I would imagine the tourney would fixate on a specific challenge to be done in
a specific programming language. It's going to be a fizzbuzz experience.

------
UK-AL
Massive waste of developers time if they are not paid for this.

I think they are relying on recruiting younger developers.

------
romanovcode
Are you get payed for the day? If so then it's fine I guess, no harm no faul.

------
kojeovo
If I got paid and got to keep the IP I might consider it.

------
bjourne
That's incredibly unethical.

------
29052017
A lot of people here are whining about getting paid.

If there are 200 developers who are willing to participate in such a
tournament, then its most likely that they are either jobless, or looking for
a better position or find this kind of tournament fair game.

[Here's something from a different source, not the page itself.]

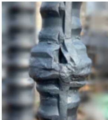
外観不良 (へこみ、切り欠き)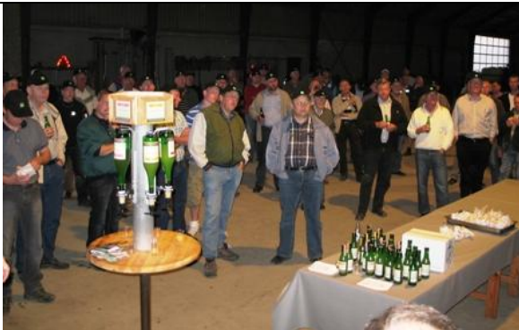
Deltagerne lytter opmærksomt

Regarding getting paid for your code, I just want to ask do you get paid for
writing/designing programs or solving problems when you go give a regular
interview. Of course not. Apart from perhaps from a free lunch at the onsite
facility and the travel tickets, do you ever expect to be paid your average
hourly rate when you go to give interviews at companies like Google or Apple.
I don't think so.

If someone whines about getting paid, then you need to assume that the person
has either made it or is not jobless. A lot of jobless people would go great
distances to land a job - sitting in a AC room for a day writing programs is
surely not that unpleasant a demand.

I am sure that a lot of folks here would have a very different opinion if they
were jobless/homeless or looking desperately for a job.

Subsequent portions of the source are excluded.